5. A recombinant vector containing the DNA according to claim 3 or 4.

6. A transformant having the recombinant vector according to claim 5.

7. The transformant according to claim 6, which is Escherichia coli.

8. A step of culturing a transformant produced by transforming the vector containing the DNA of claim 3 or 4 into a host to produce an isoprenide compound in the culture, and from the culture. A method for producing an isoprenide compound, comprising a step of collecting an isoprenoid compound.

9. Isopurenoi de compound, Yubikinon a Isopurenoi de compound selected from vitamin K ₂ or Karochino I de, method of Isopureno I de A compound according to claim 8.

10. A method for screening a non-mevalonate pathway inhibitor, comprising searching for a substance that inhibits a reaction in the non-mevalonate pathway catalyzed by the enzyme according to claim 1 or 2.

11. The screening method according to claim 10, wherein the non-mevalonate pathway inhibitor is an antibacterial active substance.
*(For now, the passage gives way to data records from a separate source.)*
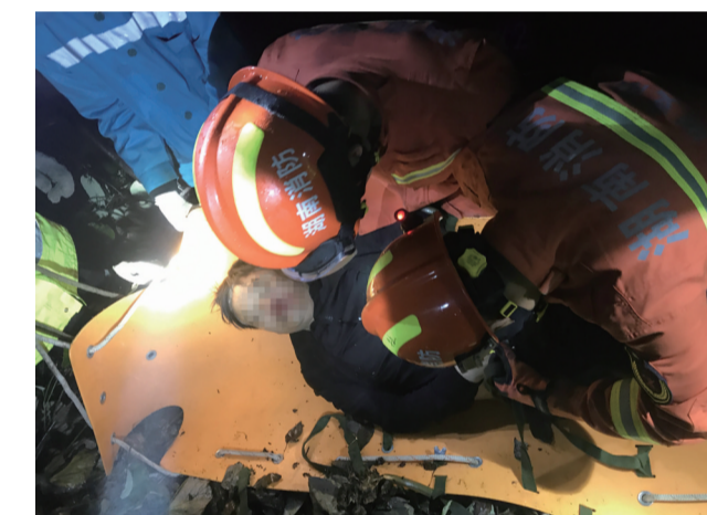
▲消防员将伤者抬上担架

消防员说,还好山坡上的植被对轿车起到缓冲作用,再加上地面松软,伤者没有生命危险。目前,伤者正在住院接受治疗,事故原因还在调查中。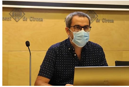
JxCAT ha de retirar un punt sobre neteja de l'ordre del dia del ple municipal de Girona per manca de...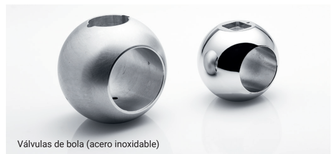
Válvulas de bola (acero inoxidable)

Descubra de primera mano los resultados de alto brillo de OTEC. En nuestro centro de acabado desarrollamos soluciones personalizadas que se adaptan a sus necesidades.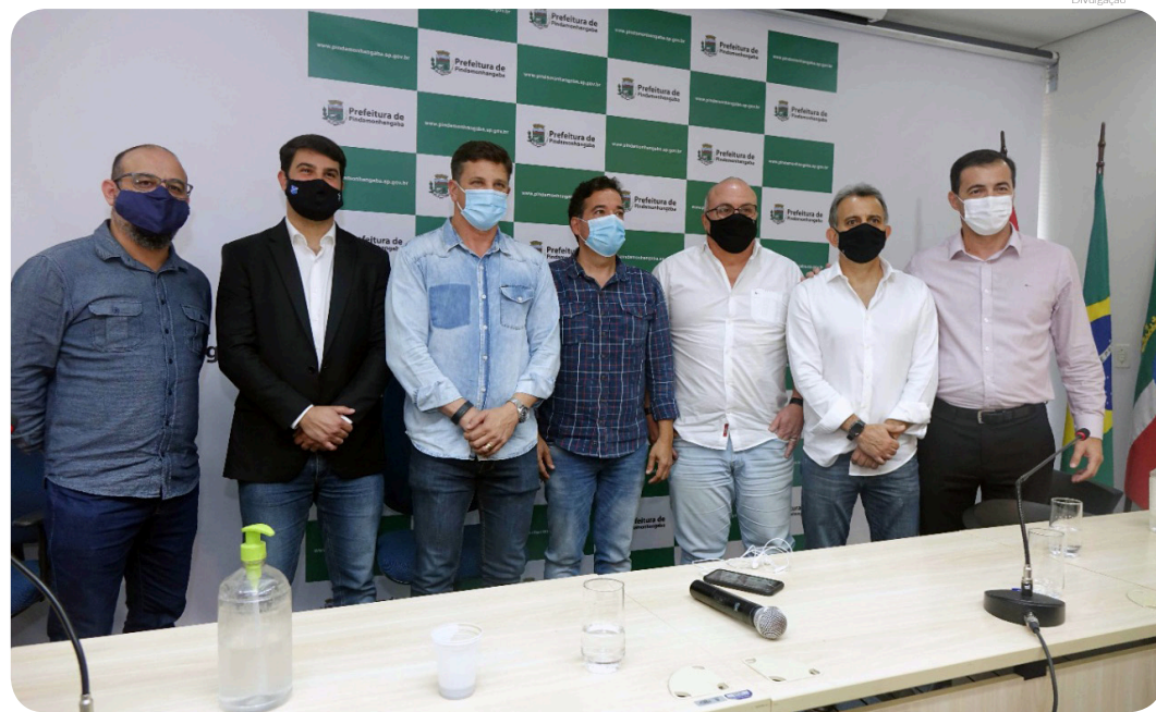
Programa direcionado ao ensino gratuito foi lançado no dia 24 de agosto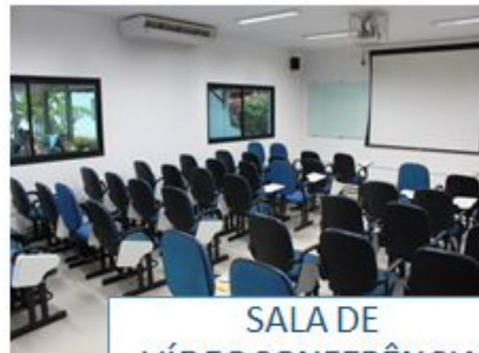
SALA DE VÍDEOCONFERÊNCIA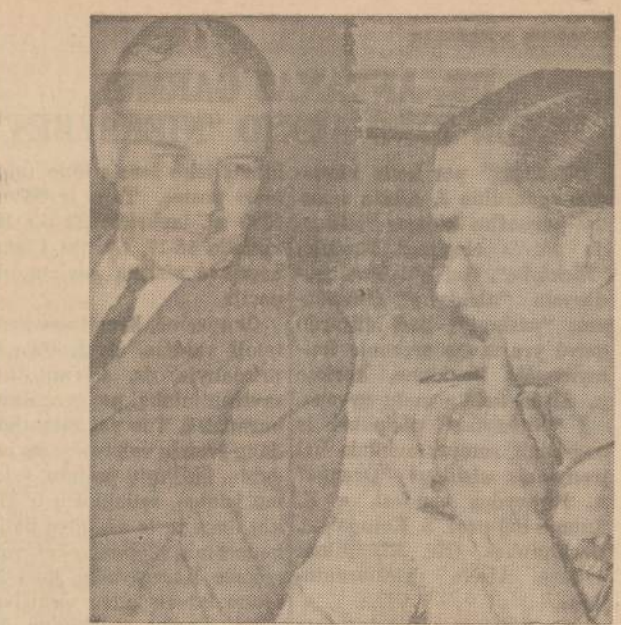
Vietnamo premjeras Ky atsiveikina su ambasadorium Maxwell Taylor, išvykstančiu į Washingtoną. Šia proga premjeras Ky pareiškė, kad Vietnamo kariuomenė nori išlaisvinti nuo komunistų piety ir šiaurės Vietnamą.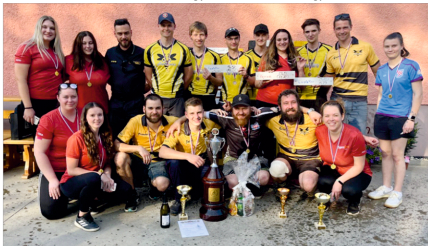
Vítězové soutěže „O putovní pohár sv. Floriána“ - Luděrov 4.5.2024 (Luděrov muži, Vojnice ženy)

V oblasti požárního sportu už téměř plnohodnotně nahradilo muže z Luděrova mládí z dorostenecké „Farmy“. I přesto se muži zúčastnili alespoň zmíněných domácích soutěží. Kluci z Farmy se naopak účastní všech soutěží Olomoucké noční ligy a Hanácké Extraligy. Pravidelné tréninky jsou znát, protože na závodě Hanácké Extraligy v Janovicích obsa-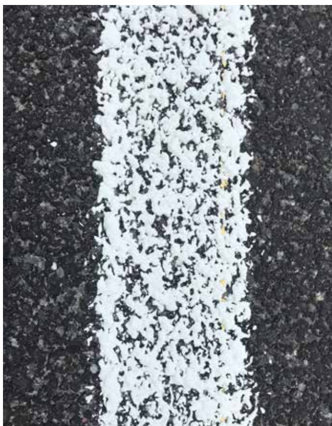
Widok oznakowania poziomego po renowacji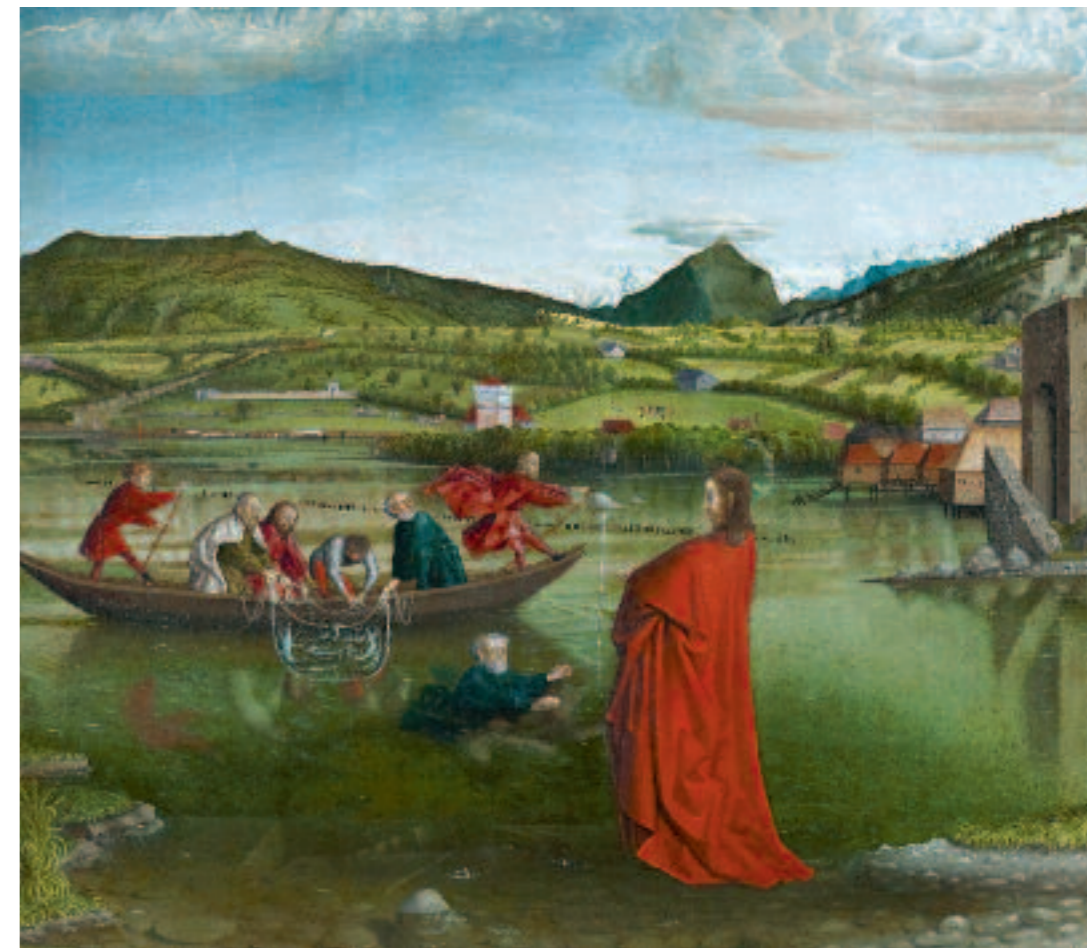
Konrad Witz, La Pêche miraculeuse , 1444, après restauration en 2012

Un colloque coproduit par l'Institut de hautes études internationales et du développement et le MAH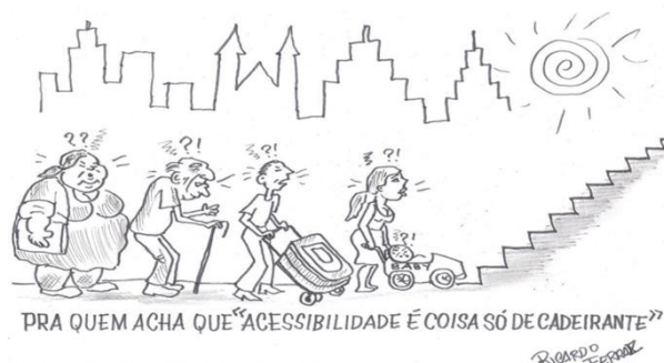
Figura 1 – Charge de Ricardo Ferraz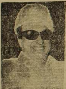
எம். ஜி. ஆர்.

தனித்தனி சந்திப்பு இதேவேளை ஐந்து தமிழ்ப்போராளி அமைப்புக்களின் தலைவர்களும்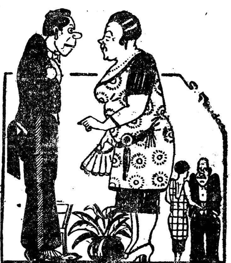
—Le aseguro, vizconde, que soy todavía de mediana edad. —Sí; yo siempre la he creído a usted de la Edad Media. (Père-Mélc, París.)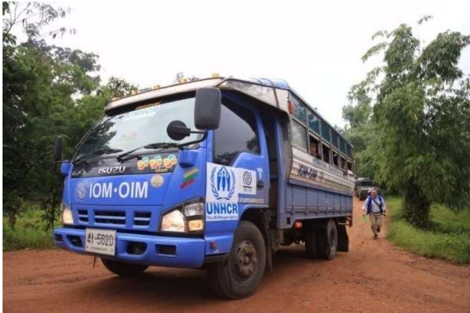
แผนภาพที่ ๑๔ ภาพการส่งผู้หนีภัยการสู้รบจากเมียนมา กลุ่มนาร์รอง กลับมาตุภูมิ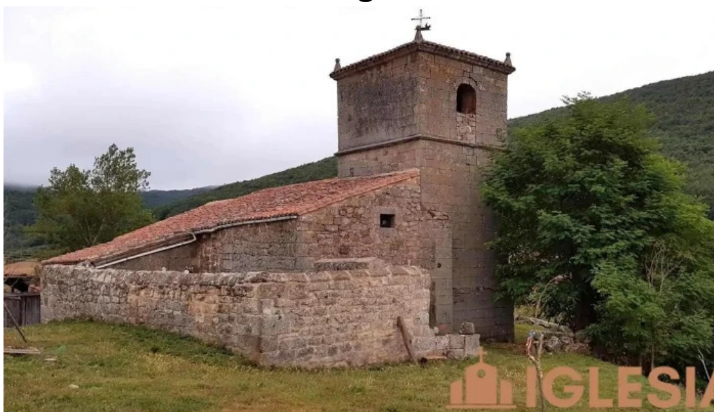
Iglesia de san martin quintanas de hormiguera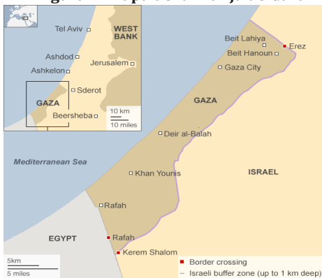
Figura 1: Mapa de la Franja de Gaza

Cabe destacar que la Franja de Gaza está catalogada como una de las regiones más densamente pobladas del planeta con 4,118 personas por km 2 . Posee una superficie de 360 kilómetros cuadrados 1 donde habitan, según estimaciones, casi dos millones de palestinos.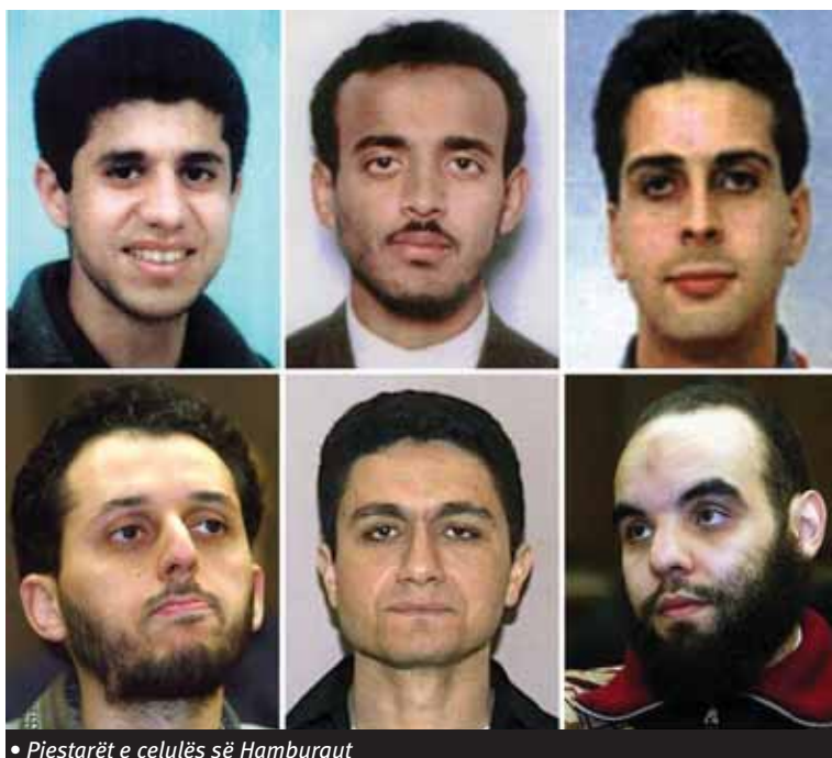
• Pjestarët e celulës së Hamburgut

intervistën e vetme që është publikuar deri tani.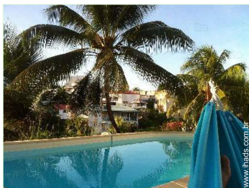
vista sobre piscina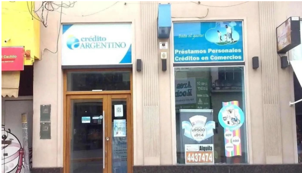
Credito argentino exterior

12. The screening method of claim 10, wherein the non-mevalonate pathway inhibitor is a herbicidally active substance.

1 3. An inhibitor of the non-mevalonate pathway obtained by the screening method according to claim 10.

14. An antibacterial active substance obtained by the screening method according to claim 11.

15. Herbicidally active substance c obtained by the screening method according to claim 12.